From Aon’s research monitoring the behavioral signals from the market, these insurer losses are triggering two major responses:

  • Increases in insurance premiums: Rates increased by more than 35 percent in Q1 2021, and continue to uptrend to as high as 40 to 50 percent in Q2 2021.
  • Reduced capacity: Fewer companies can now secure or renew cyber insurance policies. Carriers are now demanding a higher baseline in ransomware protection that includes proactive and reactive measures, including business continuity management and incident-response plans. If those conditions are not met, insurers are more likely to decline coverage.

Because cyber criminals and nation-states are constantly innovating and our dependency on digital technology is only increasing, companies must keep pace with cyber risk. In addition to increasing their cyber-security budgets, Rich Nolan, managing director for cyber investigations at Citigroup, tells Aon that companies must embrace zero-trust architecture to deal with cyber risks. Zero trust is a security concept in which an organization does not trust anyone inside or outside its perimeters and verifies any request for connecting to its systems, even if the request appears to be coming from an employee.

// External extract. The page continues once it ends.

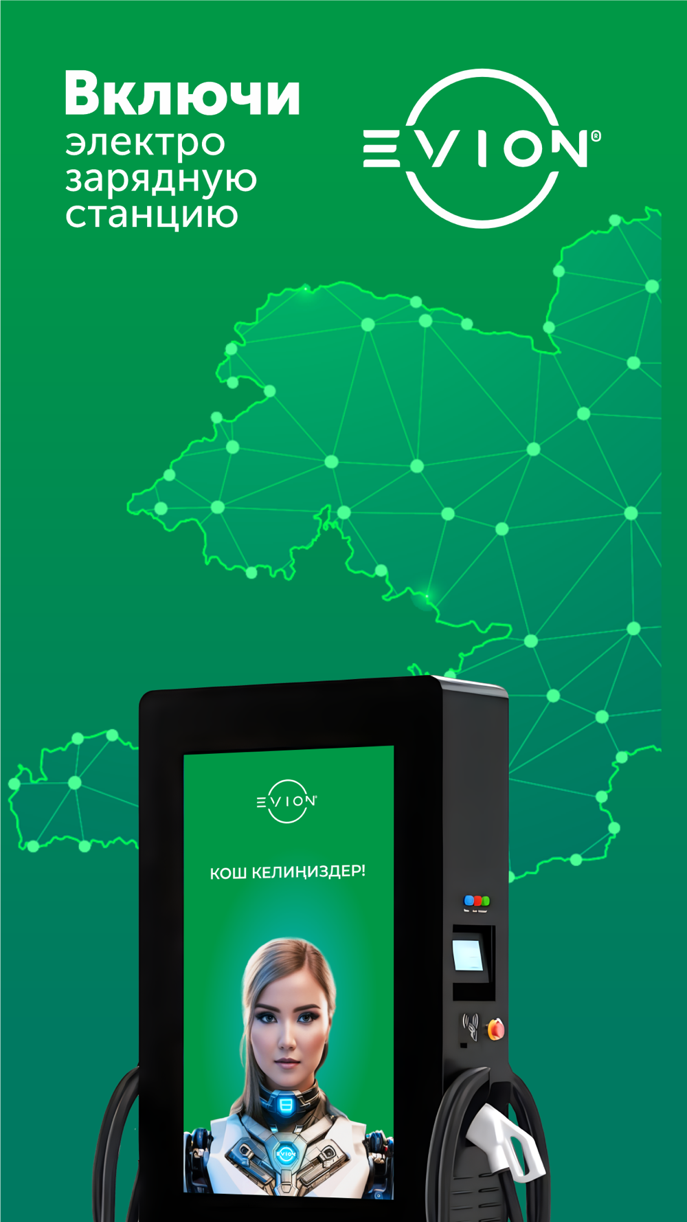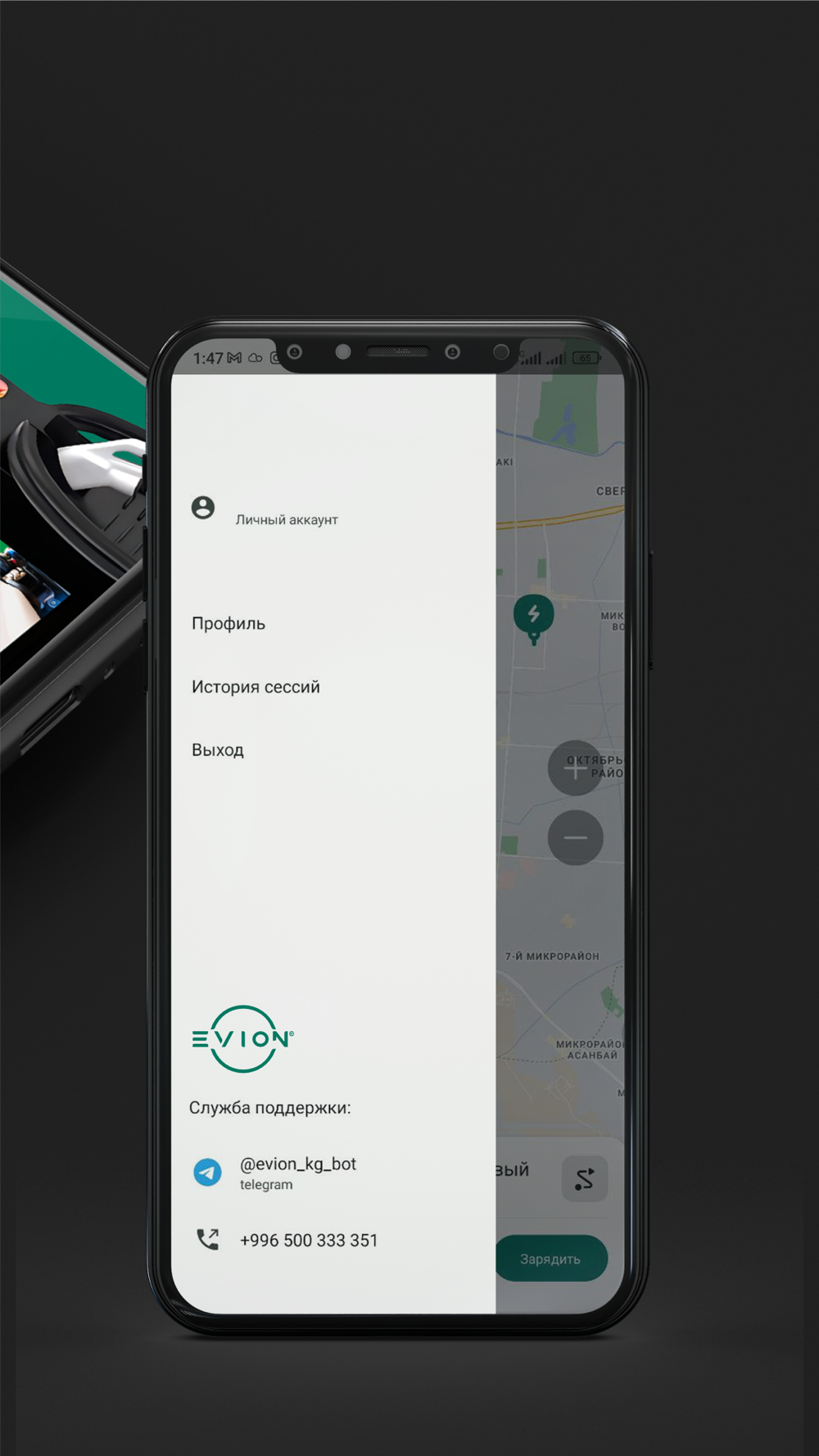 Evion - это инновационное решение для владельцев электромобилей в Кыргызстане, предлагающее удобный и доступный доступ к электрозарядной инфраструктуре. Мы стремимся к экологически чистому будущему, предоставляя надежные услуги зарядки для улучшения качества жизни и защиты окружающей среды. Наше приложение разработано, чтобы обеспечить пользователям легкость доступа к зарядным станциям, упрощая процесс зарядки электромобилей.

According to Forbes, by 2025 an estimated 70 percent of the workforce will be working remotely at least five days a month. “As the pandemic catalyzed the rapid digital evolution of business models across all industries, there has been an acknowledgment that cyber risk will now be a persistent threat to the ‘new normal’ going forward,” says Adam Peckman, global practice leader for Cyber Risk Consulting. “With distributed supply chains, automation, remote working and e-commerce underpinning these new models, our risk mitigation and insurance market strategies to manage cyber risk will need to continue evolving to stay ahead.”